- Born: 10 December 1915 Bari, Italy
- Died: 21 October 2008 (aged 92) Bari, Italy
- Occupations: Journalist, AGIS Co-Founder
- Spouse: Teresa Bellomo (1945–2008)
- Children: Vinia (1945–1963) Vincenzo (born 1947)

= Mario Nuzzolese =

Italian entertainment journalist (1915–2008)

Mario Nuzzolese (10 December 1915 – 21 October 2008), was an influential Italian figure who distinguished himself as a Lieutenant Colonel, educator, journalist, and film critic. He played a pivotal role in shaping the Italian cinema and entertainment industry. Over his career, Nuzzolese made significant contributions to the National AGIS Association, where he was instrumental in its management and development. He also led its Regional Delegation for over four decades, leaving a lasting impact on the industry.

==Military career==

In 1942 he was sent with the rank of Lieutenant Colonel to defend the Italian trenches during World War II in the Africa Campaign on the El Alamein front, recruited by the Military Intelligence commanded by the Major Paolo Caccia Dominioni. During a battle he had a lucky landing in the Sahara Desert with his Fiat Cicogna that caused severe and irreversible vertebral injuries.

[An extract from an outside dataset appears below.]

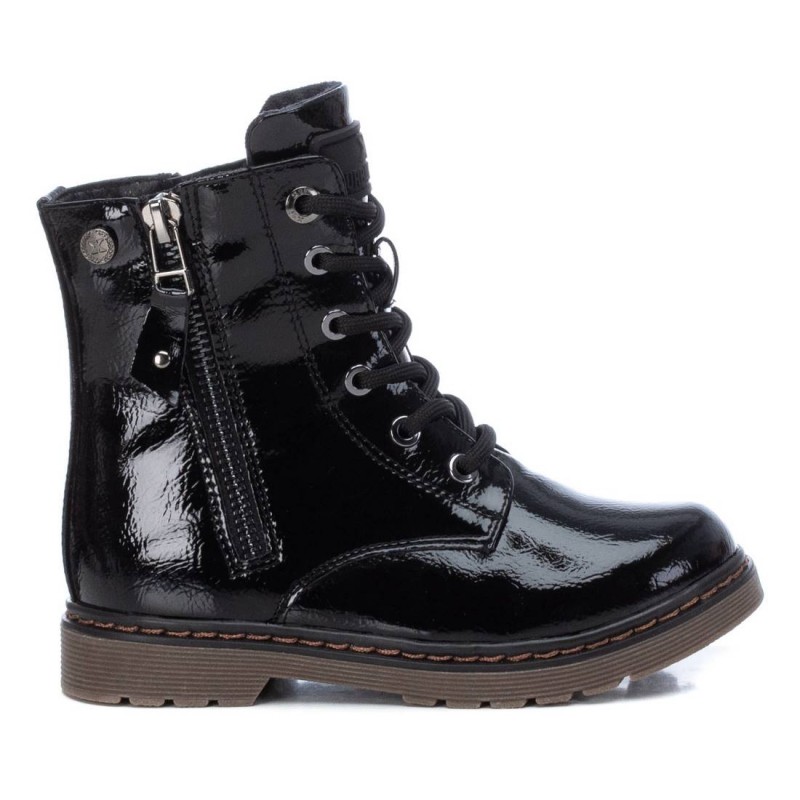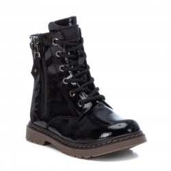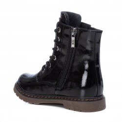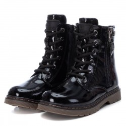 Botín de niña, de la marca Xti Kids. Fabricado en material que imita la piel con efecto charol. Cierre mediante cremallera interna. Con cremallera exterior decorativa. Cordones al tono para un mejor ajuste. Gruesa suela de goma antideslizante. Este modelo ha obtenido el certificado vegano por la organización mundial PETA (Organización de los derechos de los animales).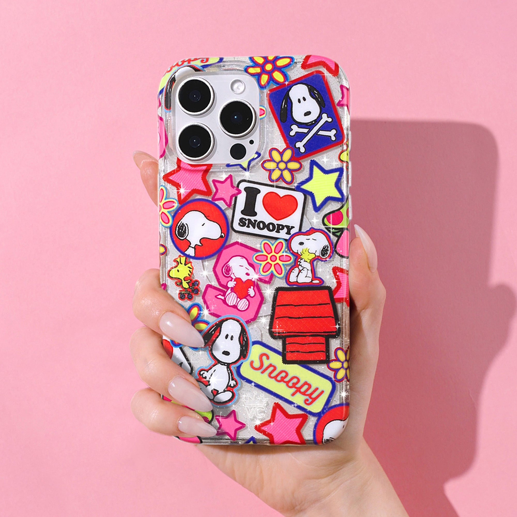 This protective case features Snoopy all over in a patchwork inspired design on a clear case with silver glitter sprinkled into the base and bumper. In collaboration with Peanuts™

For the strategy, courage and seriousness he was awarded a Medal of Military Valor.

==Cinema==

In 1945 he started projecting silent movies in a little room of the School Balilla in Bari, allowing his students to explore the educational power of videos with his first censures.
During the early 1950s, in Bari, Nuzzolese directed the first B/W documentary on the Basilica di San Nicola of Bari, actually the property of the historical RAI Archives.
He devoted his life to the family and the cinema culture, ideated and founded Cinemas ABC (1976), one of the first essay cinemas in Europe inaugurated by Minister Adolfo Sarti with the movie "Quanto è bello lu murire acciso" of Ennio Lorenzini. The Centre of Culture liked too much also the Italian Film Director Carlo Lizzani, which permitted to print of 11 movies of the Venice Film Festival. It was reopened on 19 January 2010, after restoration and conservation interventions, with an honour plate to him dedicated.
He participated several times in the Annual Academy Awards, Festival de Cannes and Venice Film Festival. He founded associations to improve Italian Cinema's traditions and the target of its supporters, such as Agiscuola and FICE.
In 1980 he was awarded by the former President of the Council of Ministers, Francesco Cossiga, with the title of Commendatore della Repubblica and different times by the AGIS Association with several medals of honours for his loyalty, fidelity and positive results.
He collected original 8mm films, VHS, movie billboards and specialised magazines, creating the invaluable AGIS collection.

==Journalism==
He wrote several articles and film criticisms for the newspapers Corriere della Sera, Repubblica and Giornale dello Spettacolo; and socially divulged the essay cinema culture in television format.